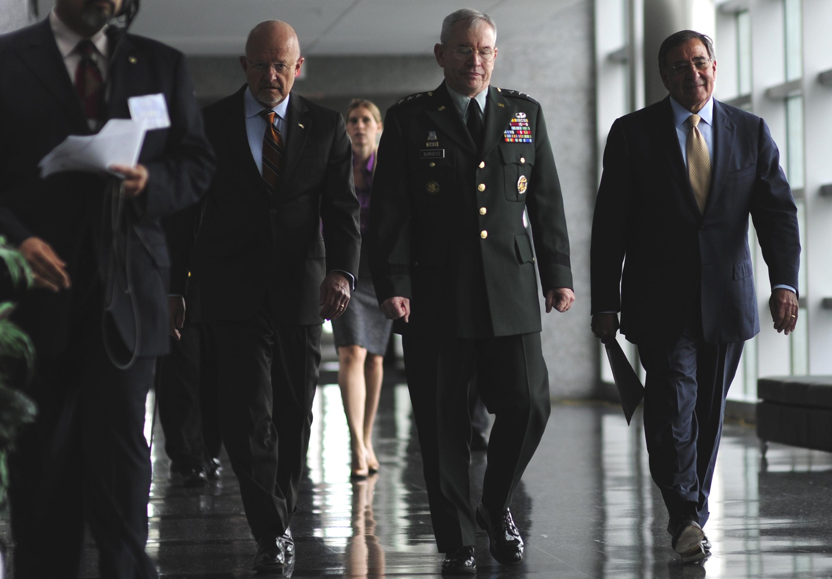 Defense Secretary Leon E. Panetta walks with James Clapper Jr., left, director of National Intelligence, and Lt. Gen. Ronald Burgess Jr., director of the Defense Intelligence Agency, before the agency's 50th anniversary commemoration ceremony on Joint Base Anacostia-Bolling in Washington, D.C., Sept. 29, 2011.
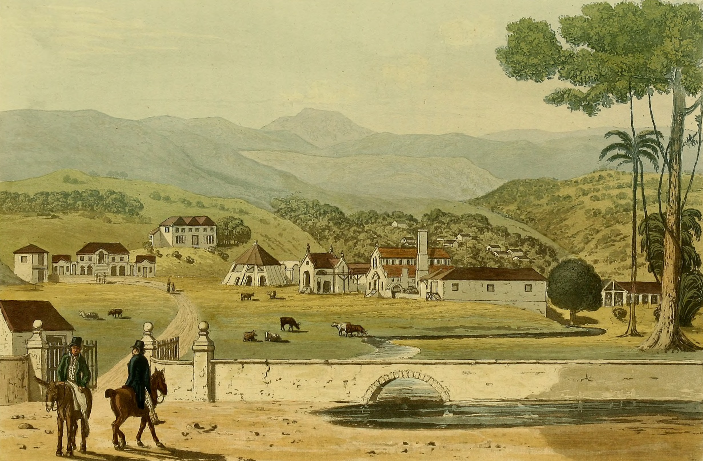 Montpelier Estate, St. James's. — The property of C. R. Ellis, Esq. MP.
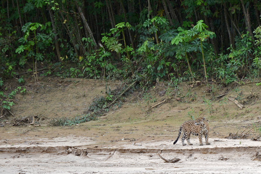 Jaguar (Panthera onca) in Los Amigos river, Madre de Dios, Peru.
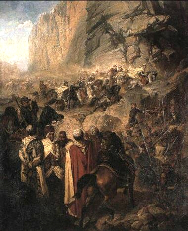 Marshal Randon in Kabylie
—————
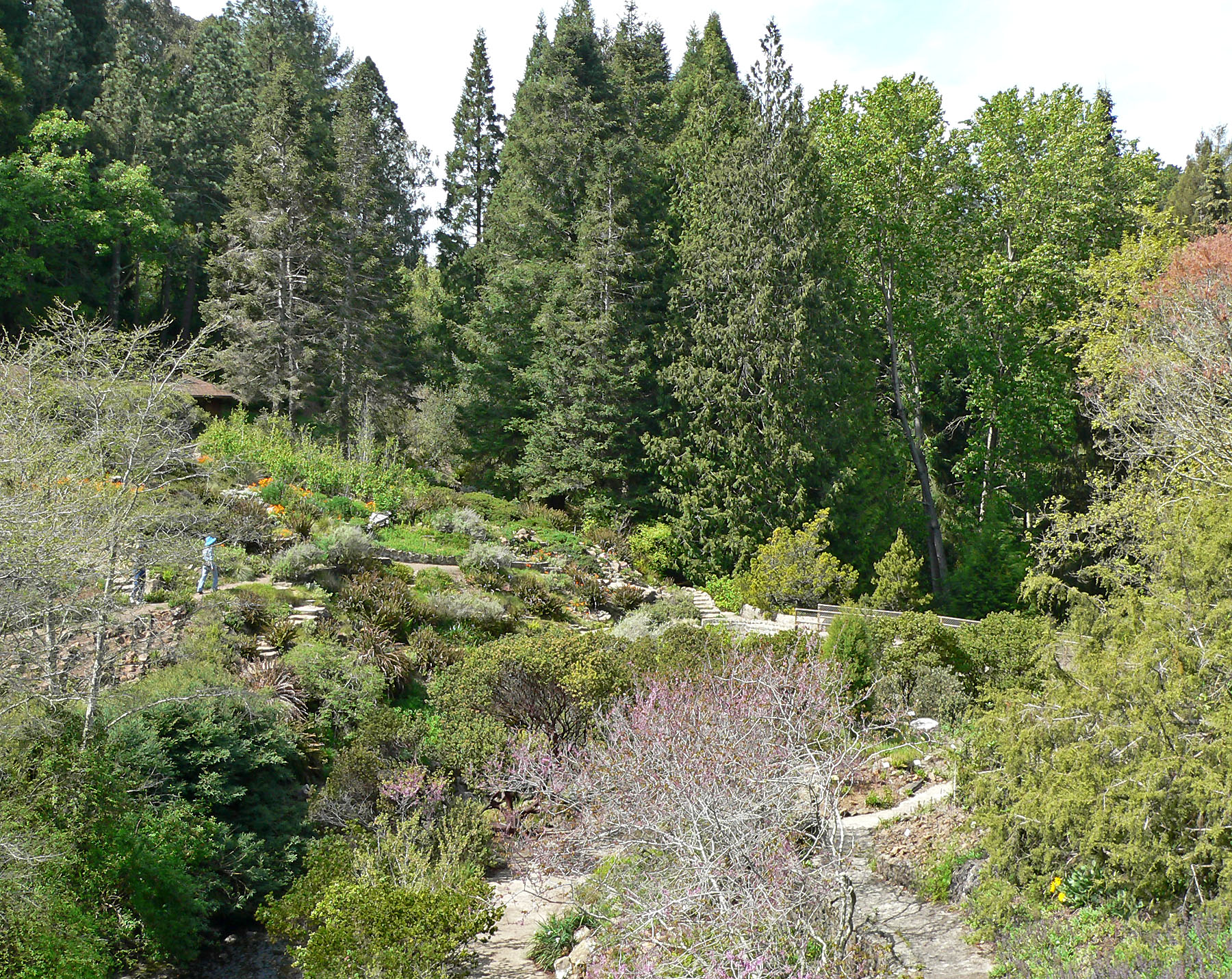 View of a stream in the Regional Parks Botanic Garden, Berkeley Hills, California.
—————
Try it: Reproduce the records above exactly, but only from the line with "Defense Secretary Leon" up to and including the line with "Marshal Randon in Kabylie". Leave the pictures out.

Answer for this exercise:
 Defense Secretary Leon E. Panetta walks with James Clapper Jr., left, director of National Intelligence, and Lt. Gen. Ronald Burgess Jr., director of the Defense Intelligence Agency, before the agency's 50th anniversary commemoration ceremony on Joint Base Anacostia-Bolling in Washington, D.C., Sept. 29, 2011.
 Montpelier Estate, St. James's. — The property of C. R. Ellis, Esq. MP.
 Jaguar (Panthera onca) in Los Amigos river, Madre de Dios, Peru.
 Marshal Randon in Kabylie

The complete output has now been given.